Also, I suspect the invention of a new URI scheme is really misbegotten. But tons of engineering groups make that particular mistake. You might want to consult Webarch §2.4 on this subject.
In Example 2, they say “the ID is intentionally omitted” but in fact it seems to be there in a slightly variant form, 123A instead of 123ABC. Error? Or just a little more explanation needed?
I really have trouble believing that inventing the new UPDATE HTTP method is a good idea. They want to do a potentially complicated in-place update of their data structure while preserving schema-validity, which is perfectly reasonable. Furthermore, they define a “delta” data type to be used to accomplish this, which seems really architecturally sound.

So why not just use POST? All it does is say “I’m going to change the state of the system in a way that depends on lots more than just the verb.” You’re not going to be able to understand the change anyhow without a full implementation of Web3S semantics, so what value is gained by having the verb be UPDATE instead of POST?

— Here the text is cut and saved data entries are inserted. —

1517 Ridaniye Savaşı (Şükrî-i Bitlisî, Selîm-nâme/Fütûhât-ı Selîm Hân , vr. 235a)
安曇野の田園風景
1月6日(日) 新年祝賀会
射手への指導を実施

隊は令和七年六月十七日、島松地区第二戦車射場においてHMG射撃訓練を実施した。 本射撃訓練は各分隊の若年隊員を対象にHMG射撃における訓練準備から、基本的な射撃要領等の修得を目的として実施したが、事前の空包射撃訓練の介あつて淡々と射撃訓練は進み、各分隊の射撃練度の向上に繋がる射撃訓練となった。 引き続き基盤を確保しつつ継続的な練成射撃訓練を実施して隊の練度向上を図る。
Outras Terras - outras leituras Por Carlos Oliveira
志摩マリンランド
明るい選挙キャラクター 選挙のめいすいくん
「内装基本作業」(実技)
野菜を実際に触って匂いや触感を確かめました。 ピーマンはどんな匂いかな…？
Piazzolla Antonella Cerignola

Introducing a new HTTP verb to the Web infrastructure (firewall administrators will just love you) and to the HTTP libraries of C, C++ C#, Perl, Python, Ruby, Java, and all the other languages people use is a big fucking deal, and it would be really nice not to go there.
Order matters on the wire but not on disk? Yow, my brain hurts.
This notion of “annotation” is hard to understand, maybe they should start with some motivating examples of why you’d want this and what you’re trying to accomplish.
Open Issue 3SAFR on white-space... not sure why this is hard. You have to be clear about grammar rules inside your elements, but who cares what if any WS occurs between them?

Conclusion · I’m an APP partisan, but I’m a bigger REST partisan. I’m not close enough to the Live Contacts problem to have a useful technical opinion on how to solve it, or whether it needs something new as opposed to something that’s already here. But if they need to invent a Web interface I think it’s smart to make it RESTful.

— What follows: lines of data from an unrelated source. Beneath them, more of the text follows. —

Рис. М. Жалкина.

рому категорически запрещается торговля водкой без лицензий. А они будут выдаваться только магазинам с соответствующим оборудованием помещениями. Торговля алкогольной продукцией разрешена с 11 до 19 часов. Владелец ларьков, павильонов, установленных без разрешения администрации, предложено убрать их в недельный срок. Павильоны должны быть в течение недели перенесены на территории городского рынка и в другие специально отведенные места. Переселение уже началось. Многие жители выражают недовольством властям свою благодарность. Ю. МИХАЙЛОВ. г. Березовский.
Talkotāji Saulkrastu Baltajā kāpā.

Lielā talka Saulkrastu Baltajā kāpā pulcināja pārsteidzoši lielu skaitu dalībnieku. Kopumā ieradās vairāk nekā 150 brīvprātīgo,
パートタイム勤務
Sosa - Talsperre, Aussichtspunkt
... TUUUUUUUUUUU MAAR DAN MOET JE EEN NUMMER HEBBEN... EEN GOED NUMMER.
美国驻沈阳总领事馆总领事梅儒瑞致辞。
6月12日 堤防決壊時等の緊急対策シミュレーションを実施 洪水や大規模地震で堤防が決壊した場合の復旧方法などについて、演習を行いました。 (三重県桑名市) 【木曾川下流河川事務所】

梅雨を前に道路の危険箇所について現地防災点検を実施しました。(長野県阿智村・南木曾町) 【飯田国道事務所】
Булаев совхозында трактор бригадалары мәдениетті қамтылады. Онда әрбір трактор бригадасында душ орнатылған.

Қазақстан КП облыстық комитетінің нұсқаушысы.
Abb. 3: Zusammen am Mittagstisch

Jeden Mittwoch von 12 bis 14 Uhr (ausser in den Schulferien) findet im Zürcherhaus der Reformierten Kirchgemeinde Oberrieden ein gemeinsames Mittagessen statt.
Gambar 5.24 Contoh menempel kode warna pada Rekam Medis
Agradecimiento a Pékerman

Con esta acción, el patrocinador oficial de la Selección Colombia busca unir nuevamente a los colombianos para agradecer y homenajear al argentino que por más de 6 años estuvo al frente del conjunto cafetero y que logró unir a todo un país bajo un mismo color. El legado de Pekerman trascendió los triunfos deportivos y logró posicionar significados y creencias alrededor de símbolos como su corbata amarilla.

Good luck to them; they’ll need it, and a test suite too.

Contributions

Comment feed for ongoing:

From: Aristotle Pagaltzis (Jun 18 2007, at 04:32)

Or at least: why not rekindle PATCH? (If nothing else, that’s much less vaguely named; “UPDATE” could refer to a number of distinct operation concepts.)

[link]

From: Sam Ruby (Jun 18 2007, at 05:17)

My take: http://intertwingly.net/blog/2007/06/18/Web3S

[link]

From: David Smith (Jun 18 2007, at 08:32)

Posts like this keep me coming back - thanks.

You don't have to be part of an MBA program to have a little Microsoft distrust - a few decades of close relationships will do the same thing. Respect, yes, but distrust as well.

[link]

From: Robert Sayre (Jun 18 2007, at 09:13)

Two points:

1.) JSON can be encoded using UTF-8, UTF-16, or UTF-32. See the RFC. Everyone uses UTF-8 or ASCII, though. ASCII? Yes, most serious JSON encoders end up getting patched with a mode that escapes all non-ASCII.

2.) Most of the novel things Web3S tries to do were either formally rejected by the Atom working group or filibustered by a few of its louder members. So, I'm not sure the "why didn't you come talk to us" pleas can be taken very seriously.

[link]

From: Yaron Y. Goland (Jun 26 2007, at 16:54)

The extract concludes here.